Senate Bill 188 Closes Loophole Permitting Parental Access to Children’s Healthcare Records

Senate Bill 188 Closes Loophole Permitting Parental Access to Children’s Healthcare Records

As the parent of a child with special needs, you must access your child’s healthcare records for various reasons. You may need access to medical records to manage your child’s medical needs or seek out new healthcare providers. You may need those records to submit or handle coverage disputes with insurance companies. Although parents should be able to access medical records for their minor children easily, this process is not always as straightforward as one might assume.

Accessing Children’s Healthcare Records

Up until recently, many parents of children with special needs were shocked to find out that after their children turned 12 years old, they needed their children’s consent to access their medical records. Under previous Illinois law, minor children between ages 12 and 17 had to consent to release their healthcare records to their parents. While this legal requirement typically was not an issue for children without cognitive limitations, it presented far greater barriers for children who had no legal capacity to consent.

Therefore, if their children didn’t have the legal capacity to consent to release their medical records, the parents’ only recourse was to get a court order to allow them access to their children’s records. This time-consuming and expensive process was yet another burdensome barrier for families with children with special needs. Fortunately, one mother of a child with Down’s Syndrome worked with her local state senator to close this loophole in the law and make life easier for families like hers to access their children’s medical records.

Deborah Gossrow Took Action

After Deborah Gossrow had to get a court order to make an appointment with a local hospital lab to see her 16-year-old son with Down’s Syndrome, she reached out to Senator Steve McClure (R-Springfield) to find a legislative solution. McClure stated that while getting initial momentum to support the bill was challenging, support quickly grew once other legislators began hearing Deborah’s story. As a result of Deborah’s efforts, Governor J.D. Pritzker signed Senate Bill 188 into law, effective January 1, 2024.

Senate Bill 188 amends the Consent by Minors to Health Care Services Act, 410, ILCS 210/2, to state that: “A parent who consents to the performance upon the parent’s child of a health care service under this Section shall be entitled, upon request, to inspect and copy the part of that child’s records related to the specific health care service for which the parent is treated as the child’s personal representative under HIPAA, 45 CFR 164.502(g).”
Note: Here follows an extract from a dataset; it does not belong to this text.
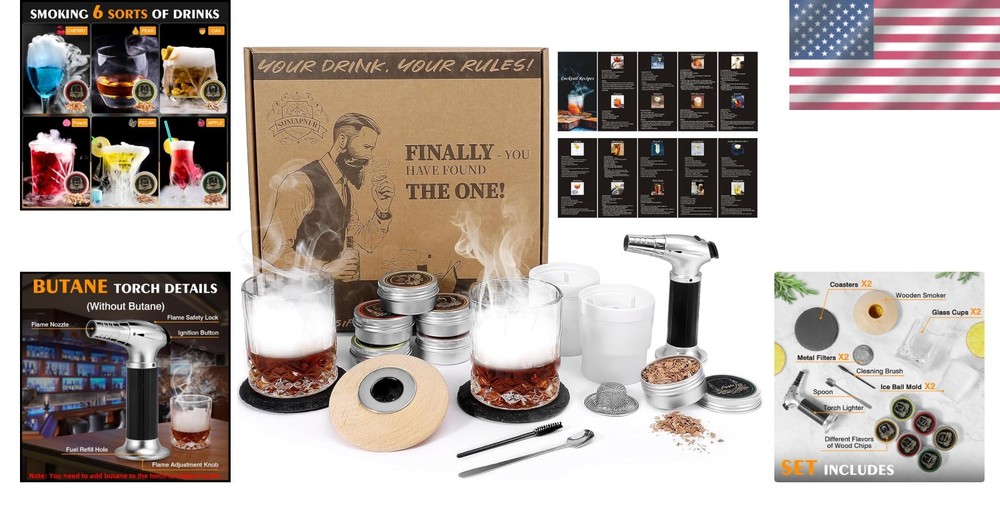 Whiskey Cocktail Smoker Kit with Torch and 6 Wood Chips - Perfect Gift for Him ‹ › ‹ › ‹ › ‹ › ‹ › ‹ › ‹ › ‹ › Whiskey Cocktail Smoker Kit with Torch and 6 Wood Chips The Perfect Gift for Him What's Inside: Torch Lighter Six Different Flavors of Wood Chips Spoon & Cleaning Brush Two Elegant Glass Cups with Coasters Two Metal Filters Two Ice Ball Molds Handcrafted Wooden Smoker made from Quebec Oak Please note: Butane and whiskey are not included. Your Drink, Your Rules: Unleash your creativity with our whiskey smoker, perfect for crafting unique, naturally flavored drinks. Infuse your cocktails, wine, coffee, cheese, dried fruits, BBQ, and more, tailoring flavors to your exact palate. Whether preparing for a cozy night in or hosting an outdoor picnic, our smoke infuser sets the perfect ambiance for unforgettable gatherings. An Unforgettable Gift: Searching for the ideal gift for a loved one? This Whiskey Cocktail Smoker Kit makes an impressive New , Thanksgiving, or Valentine's gift that’s sure to steal the spotlight at any party. Break away from the ordinary and surprise your boyfriend, father, husband, or son with the perfect blend of fun and flavor. While everyone else may opt for whiskey, you stand out by giving the gift of experience! Savor a Smoked Old Fashioned: Ignite your senses with our Cocktail Smoker Kit — a warm embrace of tender, smoky flavors. Cold smoke your favorite beverages and let the aromatic essence of natural wood envelop your drink for a truly sophisticated experience. Ideal for whiskey aficionados and those who appreciate the art of pairing with cigars. Effortless Enjoyment: A hand-held smoker is simple to operate. Just prepare your smoking gun, mix your drink, ignite the wood chips, and apply smoke to your cocktails. After a few moments, revel in the rich flavors that bring your beverages to life. *Note: The torch is butane-free and requires filling before the first use.* Why Choose Our Whiskey Cocktail Smoker Kit? Transform your drinking experience and impress your guests with the endless possibilities of flavor. This comprehensive kit offers unparalleled quality, versatility, and charm, making it a must-have for any cocktail enthusiast. Elevate your celebrations — order your Whiskey Cocktail Smoker Kit today! Shipping Free & Fast Shipping - We offer free shipping to most of the USA with a normal delivery time of 3-7 days. However, due to the current situation, additional delivery time (up to 3 weeks) may be required for some items. Alternative Carriers - We may use alternative carriers (e.g. USPS, FedEx, UPS, etc.) to ensure your package arrives safely and on time. Due to the use of multiple carriers, we are unable to provide a tracking number automatically. Handling Time - Orders are processed and shipped within 1-2 business days of receiving cleared payment. Shipping Restrictions - Shipping to Alaska, Hawaii, Puerto Rico, Guam, and other US territories may incur shipping charges or delivery restrictions. Please contact us before ordering, or your order can be refunded/cancelled. State Restrictions - There may be restrictions based on your state of purchase. For example, certain items may not be shipped to California due to state regulations. Contact for Tracking Updates - If you require tracking updates or have any concerns about the delivery of your order, please feel free to contact us, and we will be happy to assist you. Return 30-Day Hassle-Free Returns - We want you to be completely satisfied with your purchase. If you are not, you can return the item within 30 days of receiving it for a full refund or exchange. Easy Return Process - To start a return, simply contact us and we will provide you with a prepaid return shipping label and detailed instructions. Restocking Fee - There are no restocking fees for returns. However, the buyer is responsible for return shipping costs if the return is not due to a seller's error. Refund Processing Time - Refunds will be processed within 5 business days of receiving the returned item in its condition. Payment We accept all major credit cards, PayPal, and Apple Pay for your convenience. Your payment information is secure and encrypted to ensure a safe and seamless transaction. Please complete your payment within 3 days of purchase to avoid any delays in shipping. Feedback Your feedback is extremely important to us. We strive to provide the best products and customer service possible. If you are satisfied with your purchase, please take a moment to leave us a positive review. If you have any concerns or issues with your order, please contact us before leaving negative feedback. We are committed to resolving any problems and ensuring your satisfaction. Contact Us If you have any questions or concerns, please feel free to out to our customer support team. You can contact us through the eBay messaging system. We are available Monday to Friday, 9:00 am to 5:00 pm EST, and we will do our best to respond to your inquiry within 24 hours. Buy it now and enjoy a pleasant shopping experience! Unit Quantity: 18 Set Includes: Spoon,Torch Lighter,Wood Chips,Cleaning Brush,Glass Cups,Coasters,Metal Filters,Ice Ball Molds,Wooden Smoker Material: Oak Features: Multifunctional,DIY,Infuser,Hand-held Smoker,Butane-Free,Easy to Operate Type: Cocktail Kit Color: Brown Number of Items in Set: 18 Occasion: All Occasions Unit Type: Unit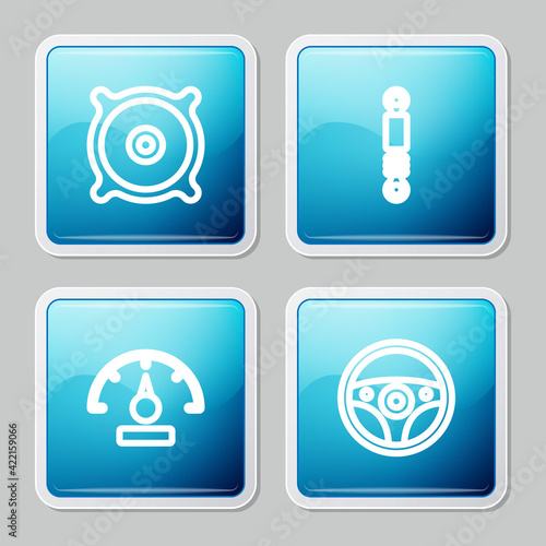 Set line Car audio speaker, Shock absorber, Speedometer and Steering wheel icon. Vector

The bill also amends the Mental Health and Developmental Disabilities Confidentiality Act, 740 ILCS 110/4, to add that the personal representative of a recipient under HIPAA, regardless of the age of the recipient, shall be entitled to, upon request, inspect and copy a recipient’s record or any part thereof.

Under the HIPAA privacy rule, 45 CFR 164.502(g), “a person authorized (under State or other applicable law, e.g., tribal or military law) to act on behalf of the individual in making health care related decisions is the individual’s “personal representative.” Therefore, since a parent is a minor child’s “personal representative” for the purposes of HIPAA, the amendments to the Illinois laws now permit a parent to access their child’s healthcare records without their consent until the child turns 18. This change eliminates the practical difficulties that resulted when children between ages 12 and 17 could not legally consent to release their medical records to their parents.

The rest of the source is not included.